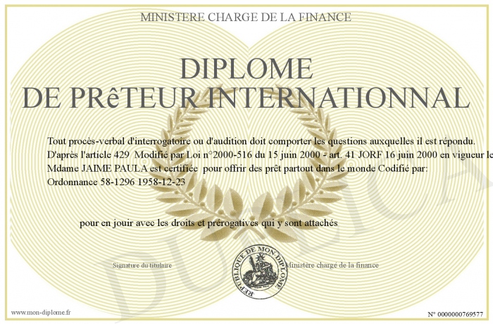 Envoyez par email votre Diplôme de prêteur internationnal personalisé
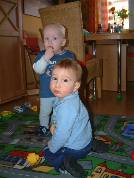 Nachdem ich wach wurde war Leon noch da und wir konnten ein bißchen zusammen spielen. Er hat mir auch gezeigt wie toll er schon laufen kann. Aber ich trau mich noch nicht so recht. Lieber noch an Mamas Hand oder irgendwo an den Möbel lang. Aber ich werde weiter üben. Leon wird mich dabei unterstützen :-)
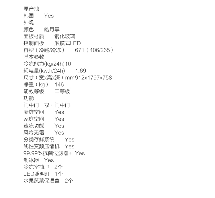 商品名称:LG 双门中门触摸冰箱 GR-D24FBGHL
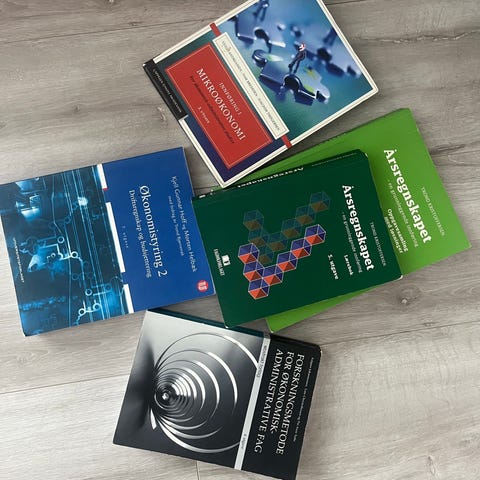Samling pensumbøker innen økonomi og administrasjon. Bøkene dekker emner som økonomistyring, årsregnskap, makroøkonomi og andre grunnleggende og videregående fag innen økonomi og administrasjon. Egnet som faglitteratur for studenter på høyskole- og universitetsnivå innen økonomi og administrasjon.
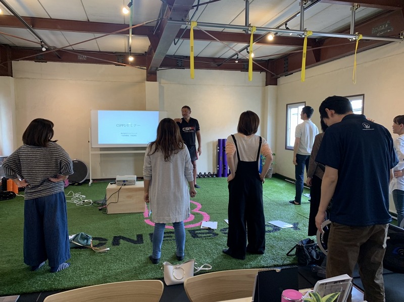 お客様が運動しやすいよう環境づくりにもこだわっております。床は緑の芝生になっているため、草原の上で運動している気分になります。
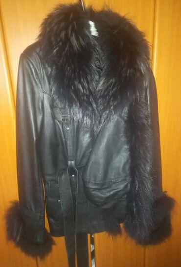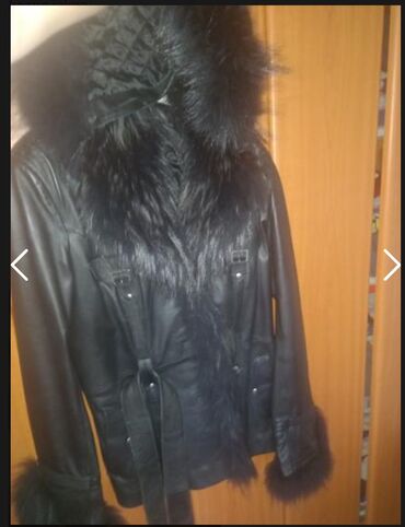Kožna jakna sa pravim krznom i kapuljačom koja se skida nova nošena par puta La Force Marka Vel L širina ramena 42Dižina jakne 75 cm
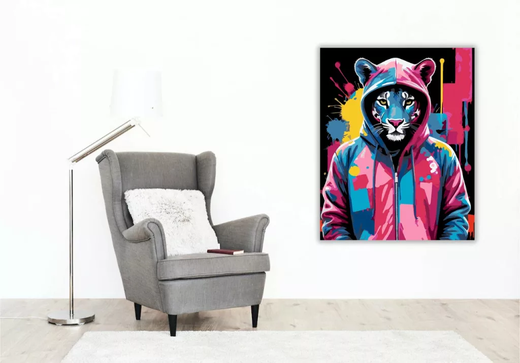 A képen egy párduc látható kapucnis pulóverben, szemből nézve. A háttérben festékfröccsenések és lecsorgó festékcsíkok jelennek meg. Az élénk, kontrasztos színek vagány, városi hangulatot adnak a képnek. Varázsolj egyedi hangulatot otthonodba ezzel a gyönyörű számfestő készlettel, amely tökéletes ajándék is lehet szeretteid számára. A csomag mindent tartalmaz, amire szükséged van ahhoz, hogy saját kezűleg alkoss egy lenyűgöző festményt.
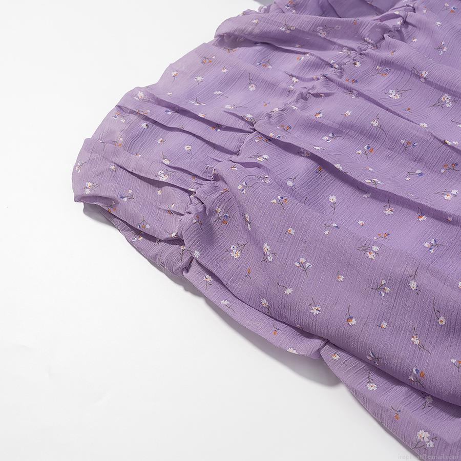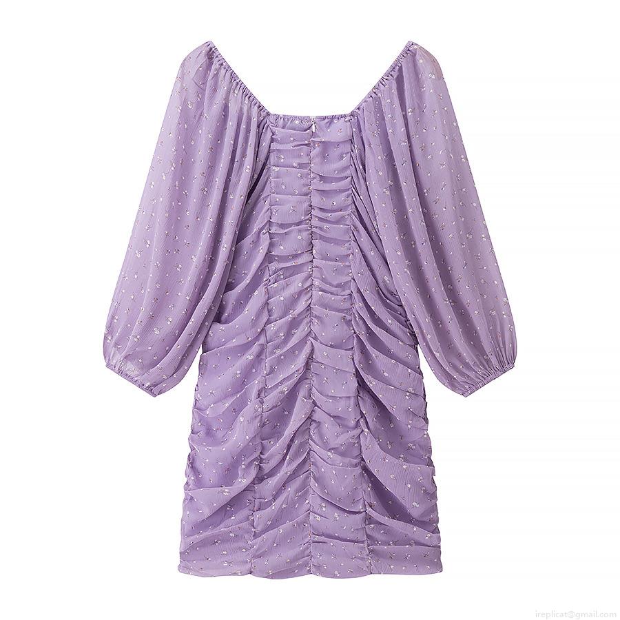 Women Sexy Ruched Floral Mini Dress Square Neck Puff Long Sleeve Bodycon Party Club Evening Dress Elegant French Style Slim Fit Purple Short Dress
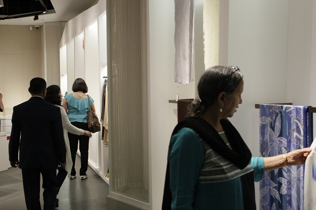 馆长助理周旸首先向各位嘉宾介绍了我馆的基本情况,之后在讲解员的精彩的导览下,中华人民共和国二级大法官、最高人民法院审判委员会专职委员裴显鼎、浙江省高级人民法院副院长朱新力、上合组织秘书处、联合国安理会反恐执行局代表,以及印度、吉尔吉斯、巴基斯坦、塔吉克斯坦、乌兹别克斯坦、阿富汗、白俄罗斯、蒙古国、柬埔寨、尼泊尔等国家的最高法院大法官参观了“锦程——中国丝绸与丝绸之路”主题展,并在锦廊和经纶堂饶有兴致的欣赏了我馆的文创产品。
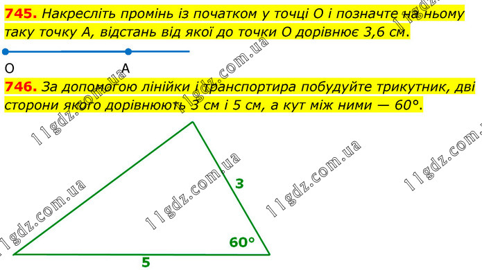 745. Накресліть промінь із початком у точці O і позначте на ньому таку точку А, відстань від якої до точки O дорівнює 3,6 см. О А 746. За допомогою лінійки і транспортира побудуйте трикутник, дві сторони якого дорівнюють 3 см і 5 см, а кут між ними — 60°.
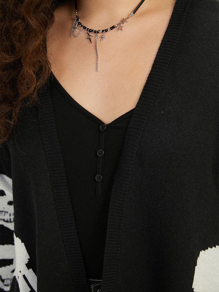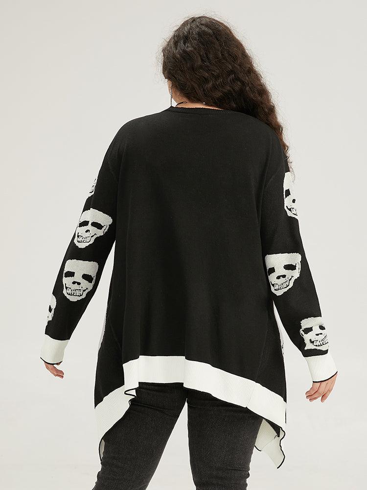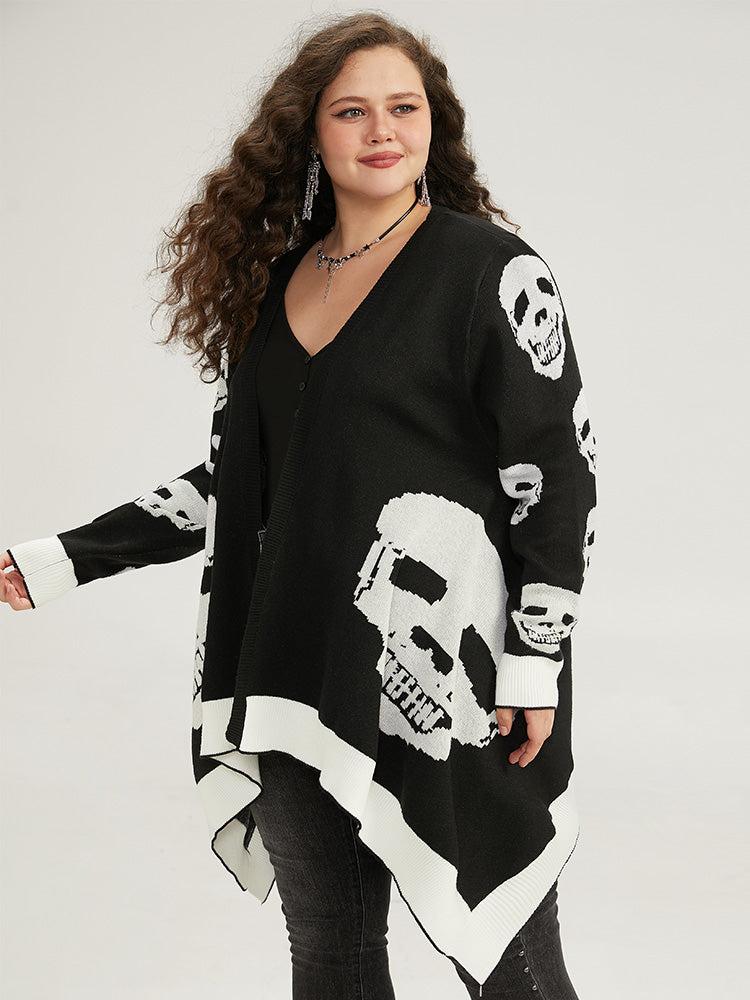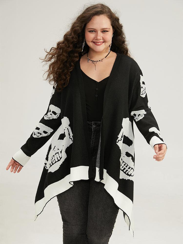 Shop Supersoft Essentials Halloween Skull Asymmetrical Hem Cardigan now and redefine your style with confidence at BloomChic. Tailored for mid and plus-size women. This trendy Sweaters Cardigans Women, sizes 10-30. Features:Soft and perfect for sensitive skin,Anti-pilling;Season:Winter;Color:Black;Style:Casual;Neckline:Open Front;Sleeve Type:Regular Sleeve;Pattern Type:Skull Print, Graphic, Graphic-Halloween;Details:Asymmetrical, Contrast, Elastic cuffs;Pocket:No-pocket;Snap Fastener:No-snap fastener;Belt:No-belt
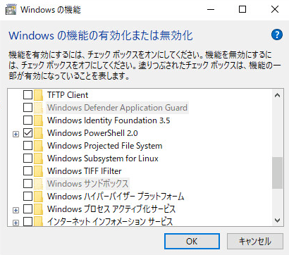 (例) バージョン1809:「Device Lockdown」、「Legacy Components」
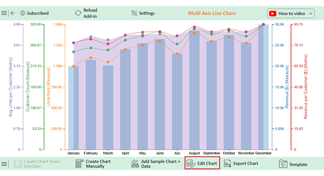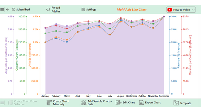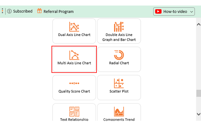 • Once it loads, scroll through the charts list to locate and choose the “Multi Axis Line Chart”.
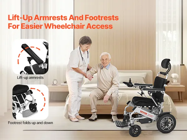 Opvouwbaar met één knop: De elektrisch opvouwbare rolstoel is eenvoudig op te vouwen met het éénknopssysteem. Compact en lichtgewicht, ideaal voor op reis, gemakkelijk te vervoeren en op te bergen – voor uitstapjes naar ziekenhuizen, luchthavens en meer.
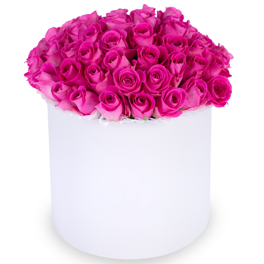 Букет из 51 розовой розы в белой шляпной коробке
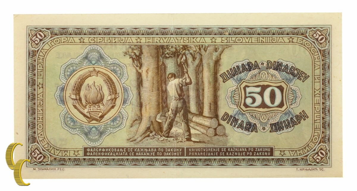 1946 Yougoslavie 50 Dinar (XF) Condition supplementaire
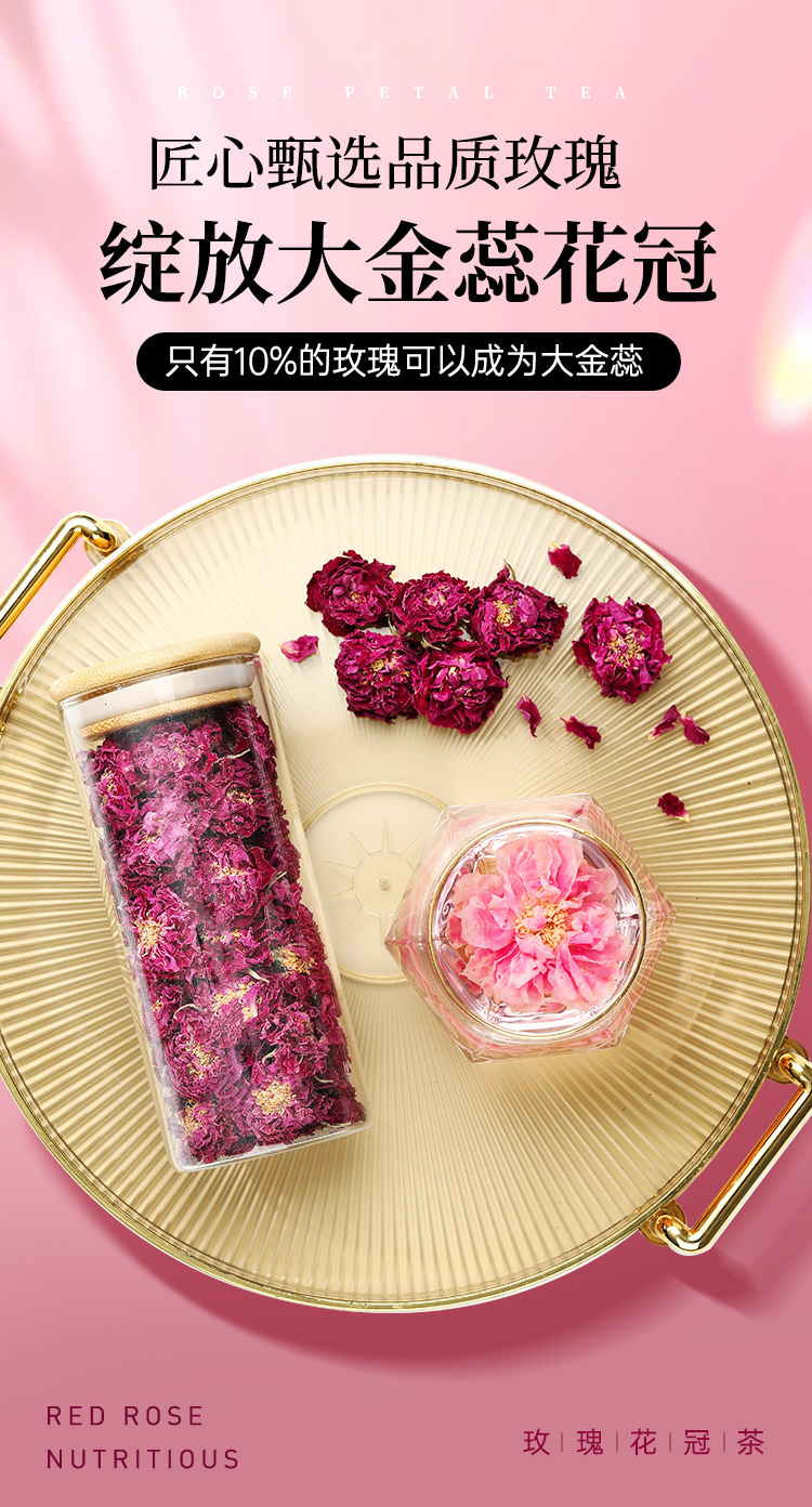 璞匠 平阴重瓣玫瑰花茶干玫瑰花冠茶花瓣食用干花泡茶大朵罐装
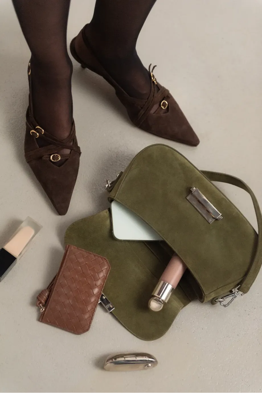 Model slingback, pe toc subțire tip kitten heel. Confecționați din piele velurată naturală, moale, în nuanță maro ciocolată. Bretele distinctive, încrucișate, cu catarame metalice decorative. Vârf ascuțit. Curea reglabilă la călcâi. Fabricați manual într-o manufactură poloneză.
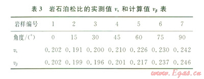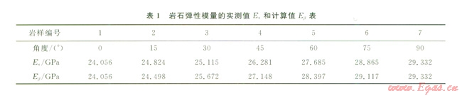 從表2可以看出,計算的彈性模量與實測值接近,最大誤差為3%。因此,只要對巖石作平行和垂直層理以及45°方向的3組樣品單軸壓縮實驗,就可用計算值來代替樣品的實測值,而不需要對每一個方向(β角)的樣品進行單軸壓縮實驗來確定模量,可省去大量樣品加工及實驗工作。結果表明將層理巖石視為橫觀各向同性介質來計算彈性模量是可行的。

* _Work to be completed_: When you copy the listing above, reproduce every line exactly and skip the images.

* _Answer section_:
 Envoyez par email votre Diplôme de prêteur internationnal personalisé
 Nachdem ich wach wurde war Leon noch da und wir konnten ein bißchen zusammen spielen. Er hat mir auch gezeigt wie toll er schon laufen kann. Aber ich trau mich noch nicht so recht. Lieber noch an Mamas Hand oder irgendwo an den Möbel lang. Aber ich werde weiter üben. Leon wird mich dabei unterstützen :-)
 商品名称:LG 双门中门触摸冰箱 GR-D24FBGHL
Samling pensumbøker innen økonomi og administrasjon. Bøkene dekker emner som økonomistyring, årsregnskap, makroøkonomi og andre grunnleggende og videregående fag innen økonomi og administrasjon. Egnet som faglitteratur for studenter på høyskole- og universitetsnivå innen økonomi og administrasjon.
 お客様が運動しやすいよう環境づくりにもこだわっております。床は緑の芝生になっているため、草原の上で運動している気分になります。
Kožna jakna sa pravim krznom i kapuljačom koja se skida nova nošena par puta La Force Marka Vel L širina ramena 42Dižina jakne 75 cm
 A képen egy párduc látható kapucnis pulóverben, szemből nézve. A háttérben festékfröccsenések és lecsorgó festékcsíkok jelennek meg. Az élénk, kontrasztos színek vagány, városi hangulatot adnak a képnek. Varázsolj egyedi hangulatot otthonodba ezzel a gyönyörű számfestő készlettel, amely tökéletes ajándék is lehet szeretteid számára. A csomag mindent tartalmaz, amire szükséged van ahhoz, hogy saját kezűleg alkoss egy lenyűgöző festményt.
 Women Sexy Ruched Floral Mini Dress Square Neck Puff Long Sleeve Bodycon Party Club Evening Dress Elegant French Style Slim Fit Purple Short Dress
 馆长助理周旸首先向各位嘉宾介绍了我馆的基本情况,之后在讲解员的精彩的导览下,中华人民共和国二级大法官、最高人民法院审判委员会专职委员裴显鼎、浙江省高级人民法院副院长朱新力、上合组织秘书处、联合国安理会反恐执行局代表,以及印度、吉尔吉斯、巴基斯坦、塔吉克斯坦、乌兹别克斯坦、阿富汗、白俄罗斯、蒙古国、柬埔寨、尼泊尔等国家的最高法院大法官参观了“锦程——中国丝绸与丝绸之路”主题展,并在锦廊和经纶堂饶有兴致的欣赏了我馆的文创产品。
 745. Накресліть промінь із початком у точці O і позначте на ньому таку точку А, відстань від якої до точки O дорівнює 3,6 см. О А 746. За допомогою лінійки і транспортира побудуйте трикутник, дві сторони якого дорівнюють 3 см і 5 см, а кут між ними — 60°.
 Shop Supersoft Essentials Halloween Skull Asymmetrical Hem Cardigan now and redefine your style with confidence at BloomChic. Tailored for mid and plus-size women. This trendy Sweaters Cardigans Women, sizes 10-30. Features:Soft and perfect for sensitive skin,Anti-pilling;Season:Winter;Color:Black;Style:Casual;Neckline:Open Front;Sleeve Type:Regular Sleeve;Pattern Type:Skull Print, Graphic, Graphic-Halloween;Details:Asymmetrical, Contrast, Elastic cuffs;Pocket:No-pocket;Snap Fastener:No-snap fastener;Belt:No-belt
 (例) バージョン1809:「Device Lockdown」、「Legacy Components」
 • Once it loads, scroll through the charts list to locate and choose the “Multi Axis Line Chart”.
 Opvouwbaar met één knop: De elektrisch opvouwbare rolstoel is eenvoudig op te vouwen met het éénknopssysteem. Compact en lichtgewicht, ideaal voor op reis, gemakkelijk te vervoeren en op te bergen – voor uitstapjes naar ziekenhuizen, luchthavens en meer.
 Букет из 51 розовой розы в белой шляпной коробке
 1946 Yougoslavie 50 Dinar (XF) Condition supplementaire
 璞匠 平阴重瓣玫瑰花茶干玫瑰花冠茶花瓣食用干花泡茶大朵罐装
 Model slingback, pe toc subțire tip kitten heel. Confecționați din piele velurată naturală, moale, în nuanță maro ciocolată. Bretele distinctive, încrucișate, cu catarame metalice decorative. Vârf ascuțit. Curea reglabilă la călcâi. Fabricați manual într-o manufactură poloneză.
 從表2可以看出,計算的彈性模量與實測值接近,最大誤差為3%。因此,只要對巖石作平行和垂直層理以及45°方向的3組樣品單軸壓縮實驗,就可用計算值來代替樣品的實測值,而不需要對每一個方向(β角)的樣品進行單軸壓縮實驗來確定模量,可省去大量樣品加工及實驗工作。結果表明將層理巖石視為橫觀各向同性介質來計算彈性模量是可行的。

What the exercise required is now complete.